Microneedling has become one of the most talked-about skincare treatments on the market. That’s because it is widely available, and has a proven history of achieving great results for skin quality, texture, fine lines, and superficial skin irregularities, like light acne scarring.
However, if you’ve been doing your research about microneedling, you may have read that it’s unsafe for darker skin tones. The truth is that this may be the case – but only for providers who aren’t knowledgeable about the inherent risks of the healing process for darker skin. This is often knowledge that’s lacking for ARNPs, PAs, nurses, and aestheticians, because unfortunately they tend not to learn that kind of fringe knowledge (not required for health of the patient) in their compressed learning timelines in school. It’s the sort of thing that really only plastic surgeons, dermatologists, wound healing clinics, and cosmetic doctors give a lot of thought to.
Yes, microneedling is safe for skin of all tones and types, provided that it’s performed in specific parameters that take skin tone and healing history into consideration. This really comes down to the knowledge of the provider, more than anything else, but it’s surprisingly common to see complications because most providers are only listening to the training the manufacturer provides or that other lower-knowledge trainers are providing.
When you get a bad outcome with microneedling, it’s essentially an overreaction by the body, causing it to form scar tissue, or an excess of collagen.
We worry about the healing process for skin with more melanin because there is a correlation between “bad scarring” (raised scars, keloids, and discoloration – either complete loss of melanin, or very dark coloring) and skin with more melanin. But a correlation only means there seems to be some connection, not that it always occurs, or always occurs in a predictable way.
- Skin with more melanin in it (i.e. you tan in the sun or already have darker skin)
- Seeing a provider who doesn’t have formal education in wound healing and/or dermatology (skin reactivity to inflammation) – this is most providers, by the way
- History of poor wound healing – i.e. keloiding, raised scars, white scars or very dark scars (if you have this history, no matter your provider or skin type, you are at a higher risk of a bad outcome with microneedling and other treatments, and you need to be very upfront about this with your provider, and careful about who you trust)
- RF Microneedling (Vivace, Morpheus, Lutronic, Endemed, etc.) adds heat to the needles, and heat that lingers in the skin, or too much heat in the skin, is a big trigger for skin of color to react negatively during the healing process. RF Microneedling can be used safely in skin of color – but only by a safe provider – especially in this case.

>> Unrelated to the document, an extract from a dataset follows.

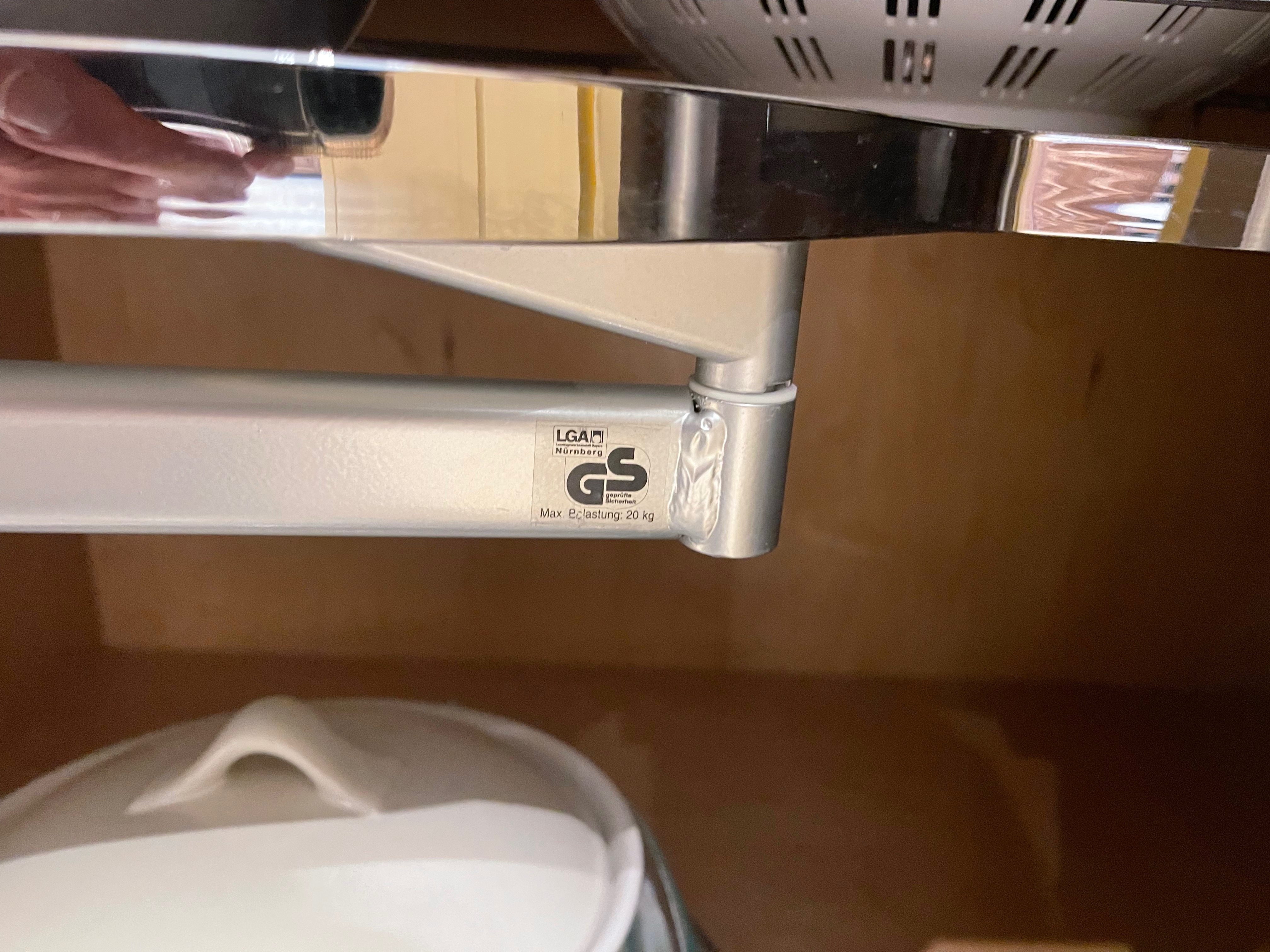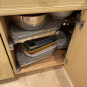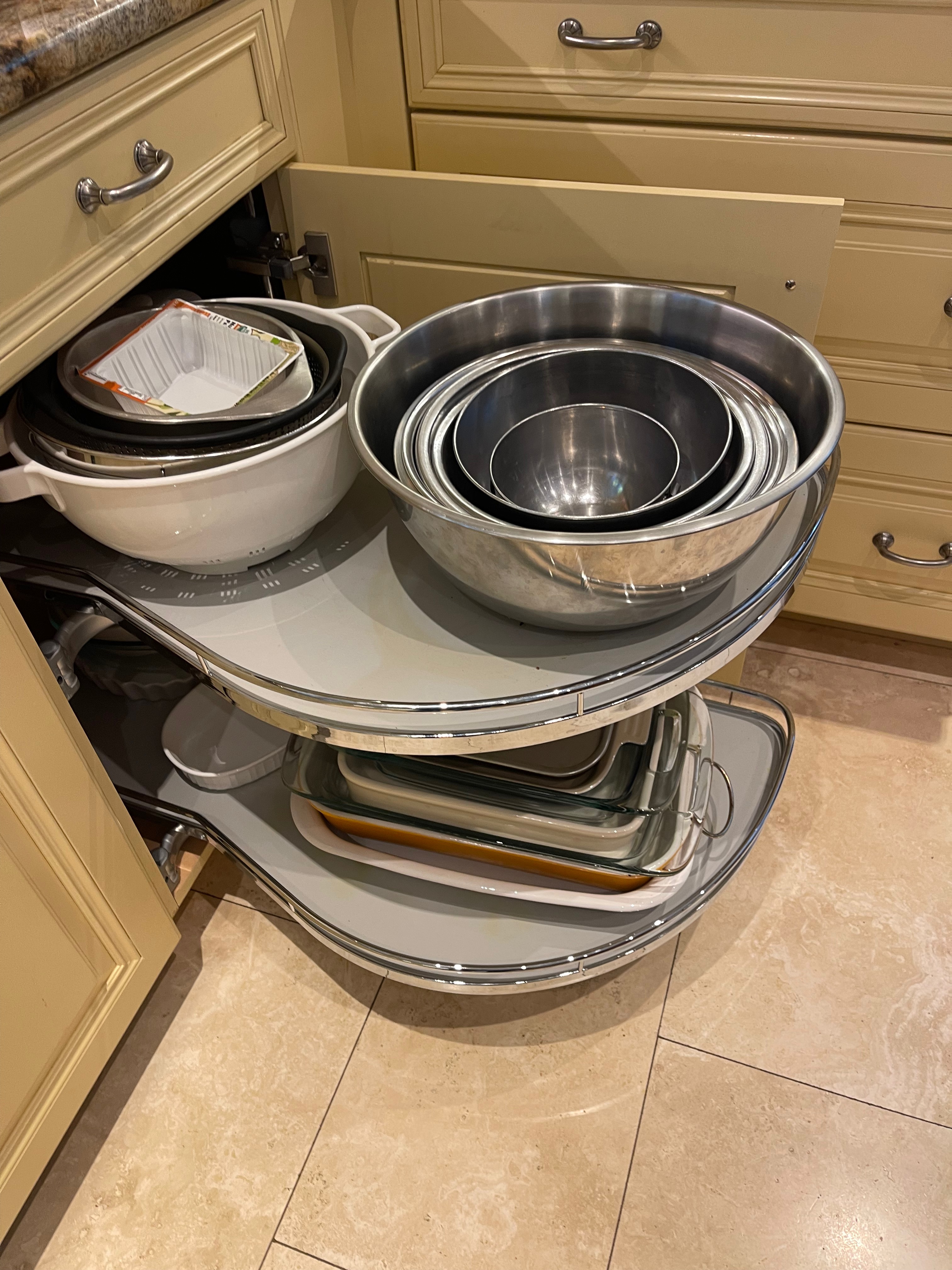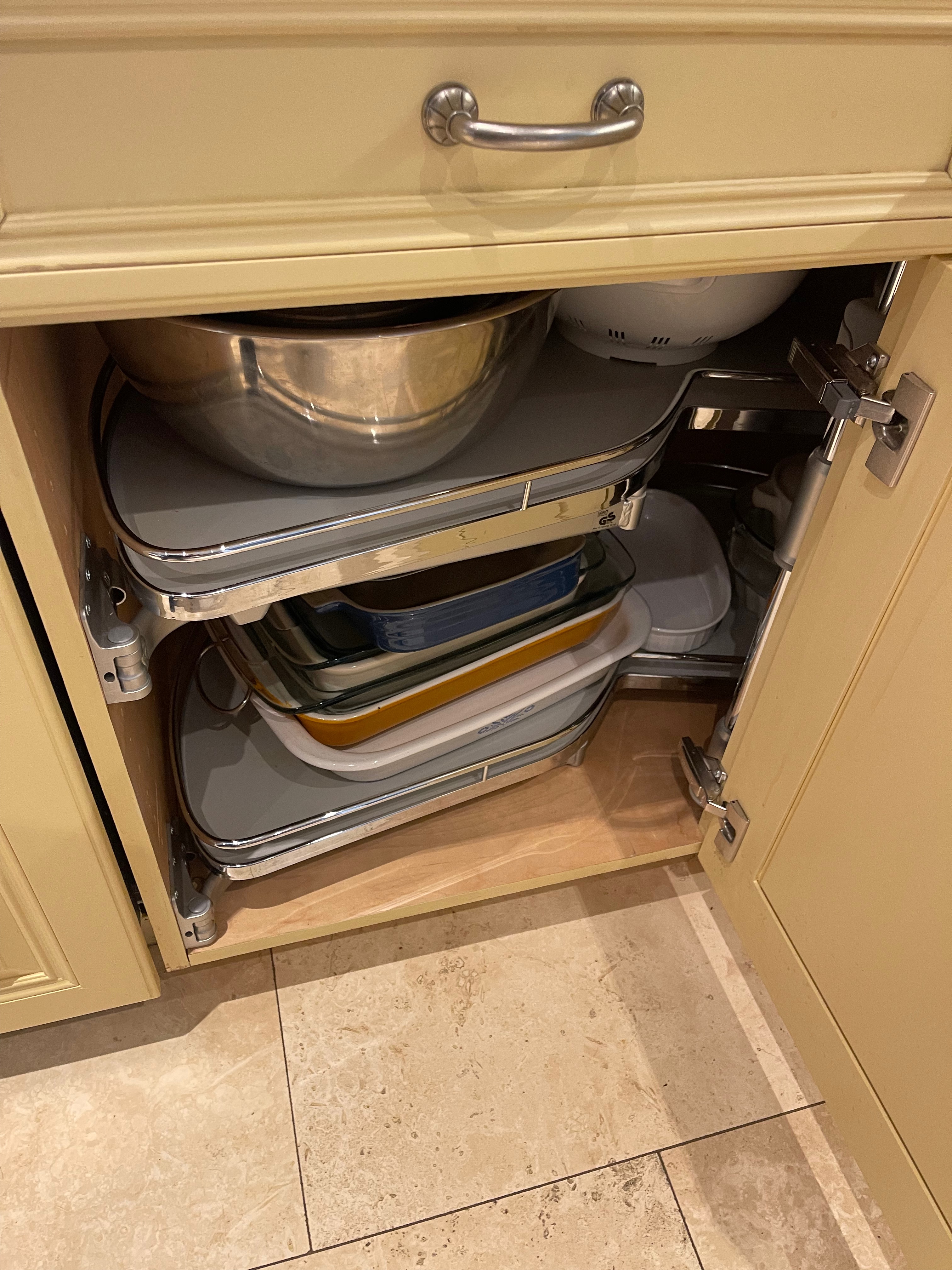 1-One drawer, One door blind corner base cabinet in cream Dim.: 49 “w x 36”h x24“d*Blind corner cabinet organizer $685

So the risk is higher – and because it’s not always happening, or always happening the same way, it’s very difficult for someone to know how to prevent these complications when they haven’t studied wound healing (which is essentially what happens after any treatment). And most medical provider, especially nurses, ARNPs, and PA’s, don’t learn about wound healing and how to create pretty or invisible scars during their schooling, because it’s not critical for the health of the individual, but that’s the knowledge they
When we take out the group of patients who have a history of bad reactions, the next riskiest group is patients with Skin Type 4 (olive complexion, tans easily, usually Asian, Latin American, Mediterranean heritage) who see a provider that typically treats fairer skinned patients and who lacks the knowledge of how to treat their skin differently. Unfortunately, we see a lot of these complications in our practice.
Becoming an excellent (effective and safe) provider of non-surgical cosmetic treatments requires education beyond medical school, nursing school, masters degrees, etc. Formal medical education simply does not focus on this niche. And unfortunately, many providers take what knowledge they have from school and fellowships/residency, and combine it with what the manufacturer provides as training, along with the purchase of the machine.

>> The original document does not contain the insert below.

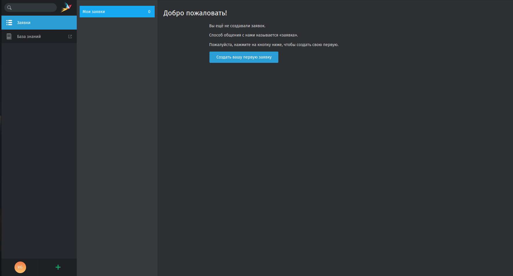 1. Зайдите в личный кабинет на портале помощи. Сразу же вы увидите раздел "Заявки". И в нем кнопку "Создать вашу первую заявку". Нажмите на неё.

However, the sales reps and trainers know the machine, but not necessarily every detail of how to safely treat every patient that’s going to walk in your door. And that’s where the issues arise – when providers rely on that knowledge as their foundation of safe and effective treatment.

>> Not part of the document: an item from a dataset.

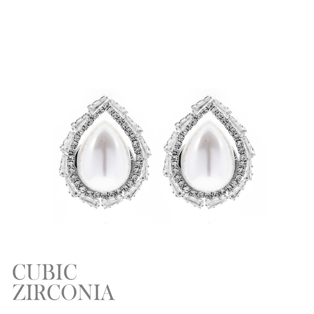 CUBIC ZIRCONIA BEZELED DROP-SHAPED PEARL POST EARRINGS IN SILVER-TONE METAL

Our doctors not only have over 60 years of combined experience in this field, which they regularly share with one another, but they also spend a significant about of time and money, reading the peer-reviewed studies, attending the best conferences, and educating themselves, to ensure they are safe and effective physicians for patients of all kinds.
Most mid-levels (ARNP or PA) and physicians can access the resources our doctors do to educate themselves, but few choose to make that investment.
How do you qualify a provider’s safety, as a potential patient?
Before & Afters that are branded to that company are always a good indication of the type of work that practice is doing a lot of. It’s important that they aren’t the photos the manufacturer provides, that were actually performed during the clinical trials or are provided as marketing support. Having videos with those patients are a great way to fact check the validity of the work they’re showing.
Whether in their social media content, videos, blogs, or in the consult – you want the doctor or provider to be mentioning there is some more risk for skin of color, and asking about your history of scarring, tanning, and/or sunburning. These are all indications they are thinking about safe and effective treatment, and how skin type affects this.
You can take this a step forward and directly ask “How does my skin type impact risks for me with microneedling? What happens if things go wrong?” They should be comfortable answering these questions. The best doctors are treating complications from other clinics – so you can ask them to share some stories, or photos of revision work they’ve done, too.